Erst ab März 2005 kommt es zu einer "Null-Leistung"."

von
Beitrag

Bei diesem Beispiel wurde aber im ersten Monat (Okt.2004)die Grenze zunächst eingehalten!!! Das ist dann so korrekt. Wenn aber gleich im ersten Monat überschreiten vorliegt, dann kommt es nicht zu dieser Lösung.

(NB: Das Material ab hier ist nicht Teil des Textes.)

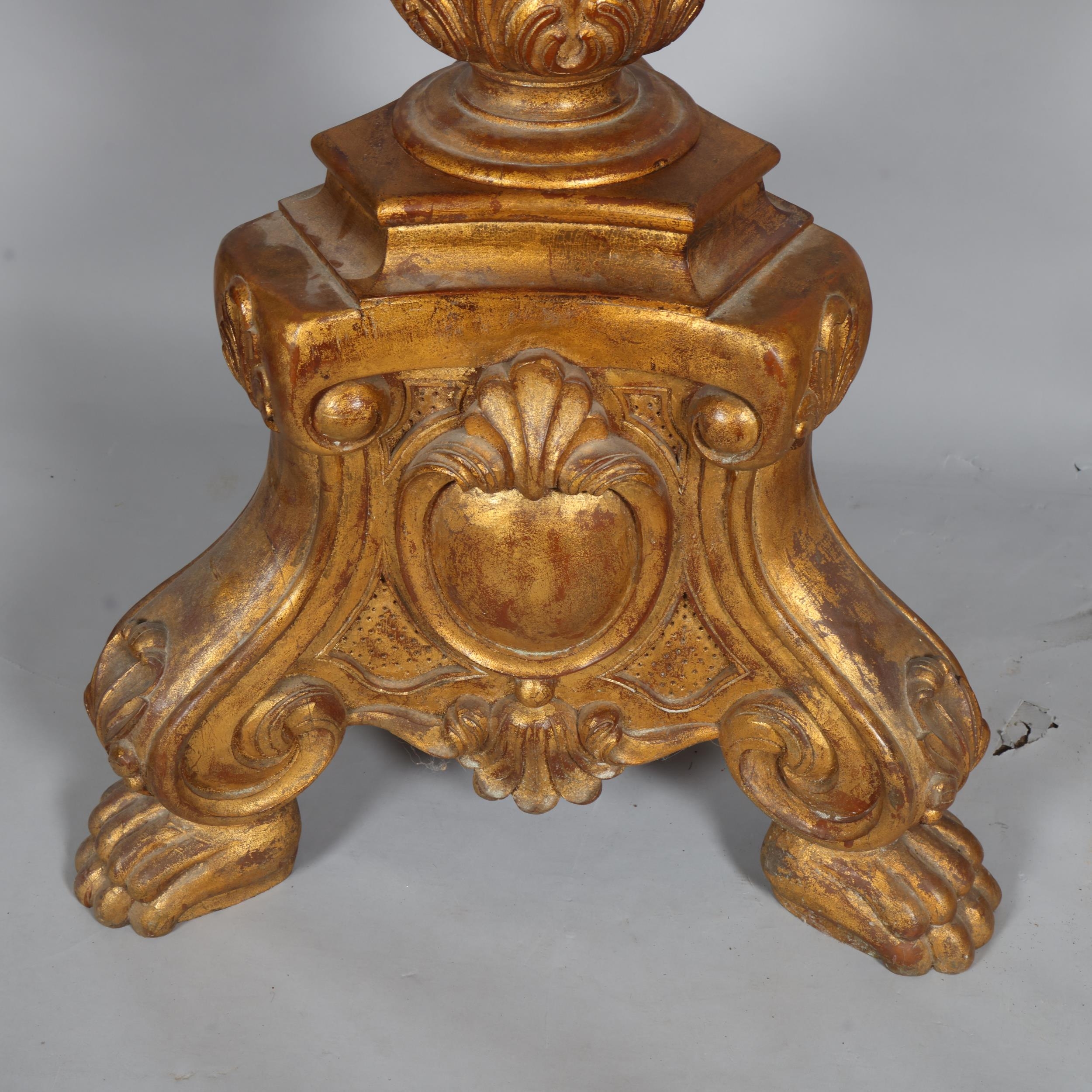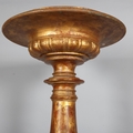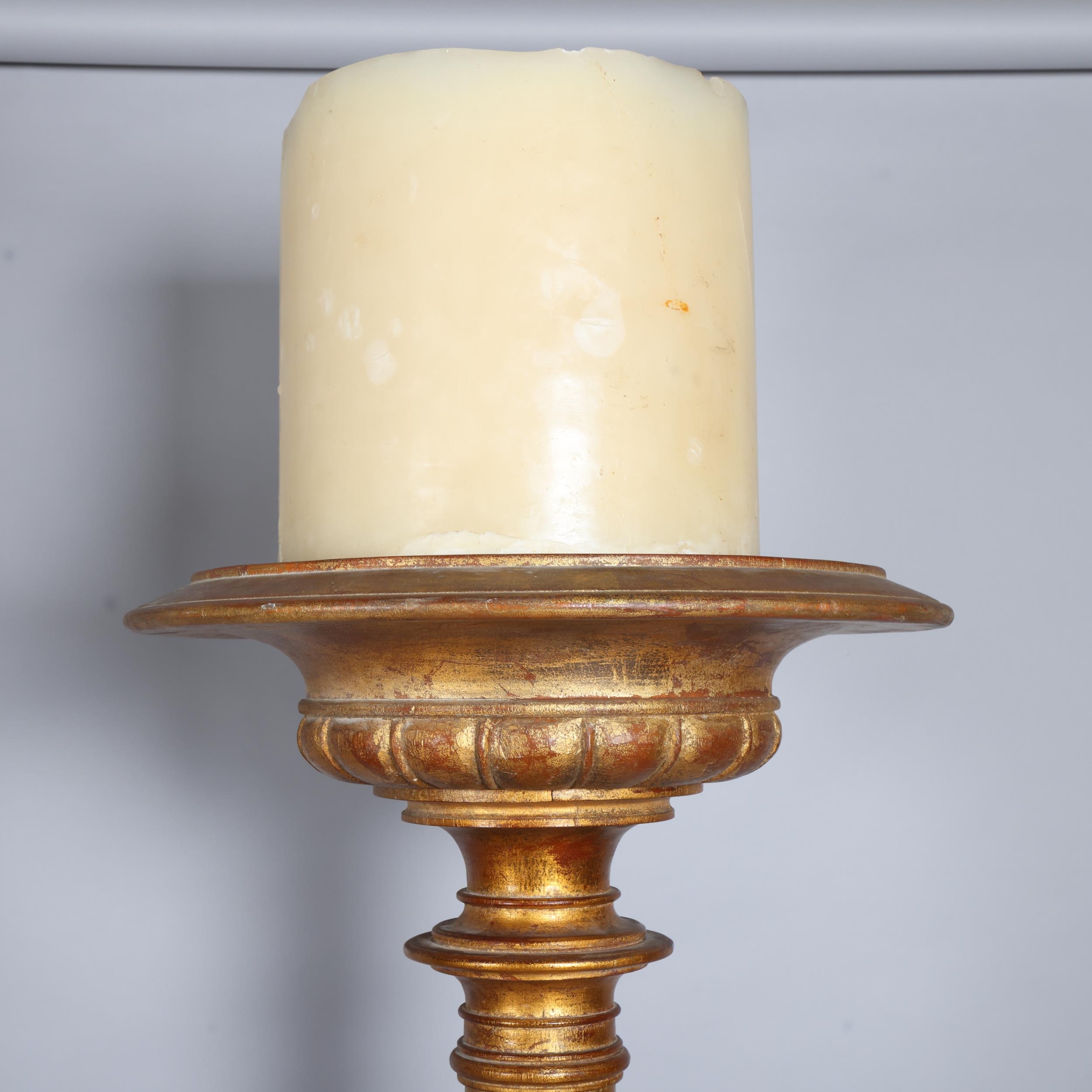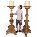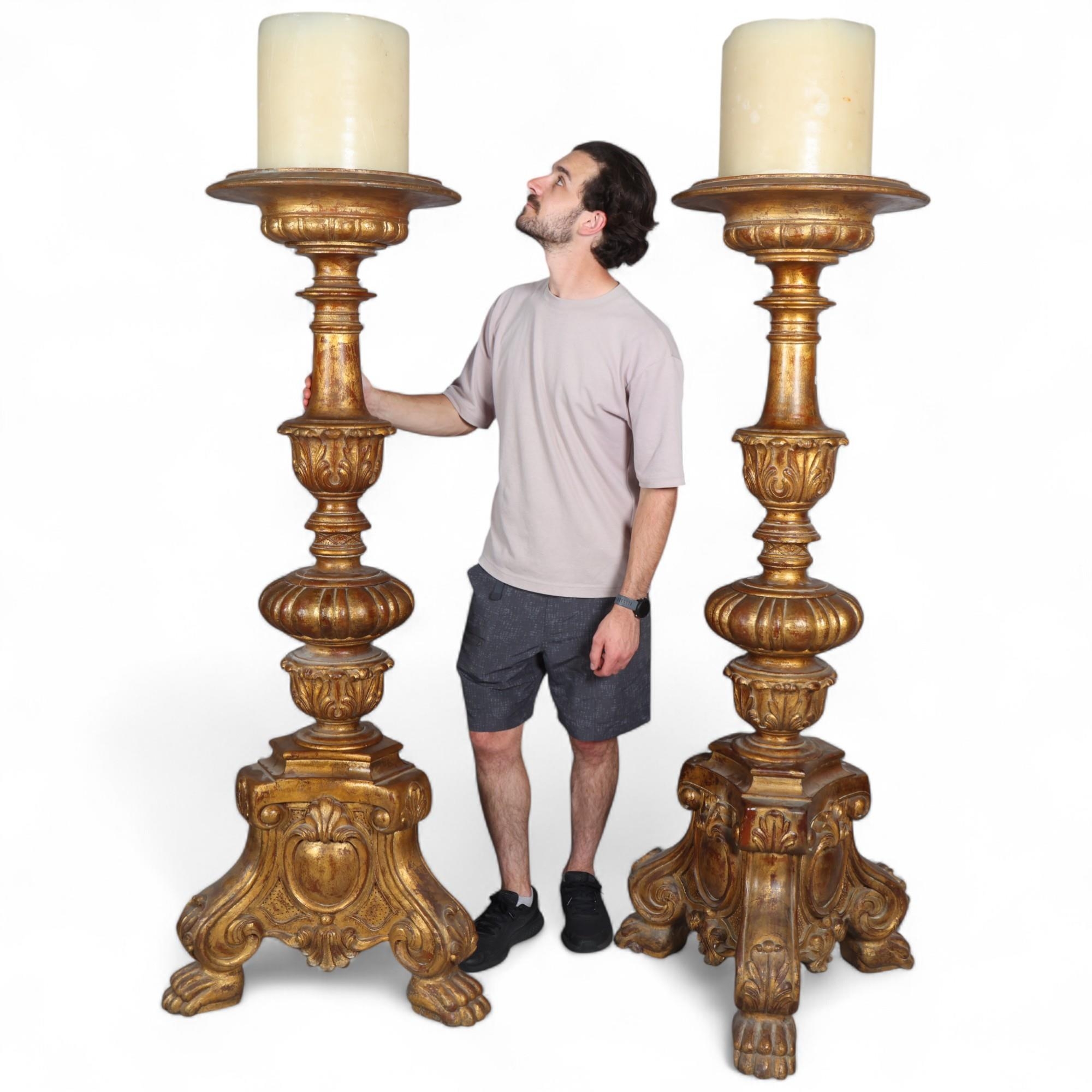 A massive pair of Christopher Guy Lumiere floor-standing candlesticks, in renaissance gold leaf finish, current UK RRP £4,180 per stand, diameter (widest point) 69cm, height 170cm, together with a pair of Christopher Guy candles, current RRP approx £500 per candle, diameter 30cm, height 31cm, overall height including candles 200cm

Am besten zu einer Beratungsstelle der RV mit Bescheid der RV und Bew.Bescheid der Agentur und klären lassen.

von
Beitrag

Analoge Anwendung zu § 96a VI aus § 34 VI:

Die Möglichkeit des zweimaligen Überschreitens ist einzuräumen, wenn der Hinzuverdienst die maßgebende Hinzuverdienstgrenze des Vormonats überschreitet. "Maßgebend" kann eine Hinzuverdienstgrenze nur dann sein, wenn auch im Vormonat tatsächlich ein Hinzuverdienst - unabhängig von dessen Höhe - vorhanden ist (neues Fenster)(ISRV:AF:SGB 6 § 34 AFNR 42).
Liegt im Vormonat ein negatives Arbeitseinkommen oder ein Arbeitseinkommen in Höhe von 0 Euro vor, ist kein Hinzuverdienst vorhanden, mit dem die Hinzuverdienstgrenze eingehalten wird. Ein Überschreiten bis zum Doppelten der Hinzuverdienstgrenze im Folgemonat ist daher nicht zulässig (neues Fenster)(ISRV:NI:AGHZVG 2/2008 6).
Die Prüfung, ob ein Überschreiten vorliegt, richtet sich stets nach der im Vormonat eingehaltenen Hinzuverdienstgrenze. Die (anteilige) Rente bleibt solange unverändert, bis sich der Hinzuverdienst so ändert, dass dadurch die im Vormonat maßgebende Hinzuverdienstgrenze überschritten wird (neues Fenster)(ISRV:AF:SGB 6 § 34 AFNR 39). Bei Überschreiten dieser Hinzuverdienstgrenze ist zu prüfen, ob der Hinzuverdienst innerhalb des Doppelten dieser Hinzuverdienstgrenze liegt. Gegebenenfalls ist die Rente in der bisherigen Höhe (des Vormonats) weiterzuzahlen.

von
Sigi

Nochmal hallo,
danke für die Antworten.
Ich weiß nicht , ob ich mich mißverständlich ausgedrückt habe. Hier nochmal die Fakten:
ab Februar Teilrente, aufgestockt durch Krankengeld (3,00 € pro Kalendertag). Im Oktober trat ALG hinzu, es erfolgte keine Überschreitung der Hinzuverdienstgrenze. Die Rente wurde voll gezahlt. Ab Dezember ganz gestrichen.
Ich werde also Widerspruch einlegen, die Informationen für das nächste Jahr werde ich auch überprüfen lassen, zumal ich auch wegen der Altersrente einen Termin bei der BfA vereinbaren will. Nochmals vielen Dank
Sigi

von
Beitrag

Ups! Also im November noch voll gezahlt trotz ALG I! Sorry, dann auf jeden Fall Widerspruch!!

Viel Erfolg!

von
Beitrag

Ggf. liegt die Überschreitung ab Dezember wegen des Bezugs des ALG I über eine ganzen Monat dann über der DOPPELTEN Grenze...

In jedem Fall Aufklärung einholen und sicherheitshalber Widerspruch.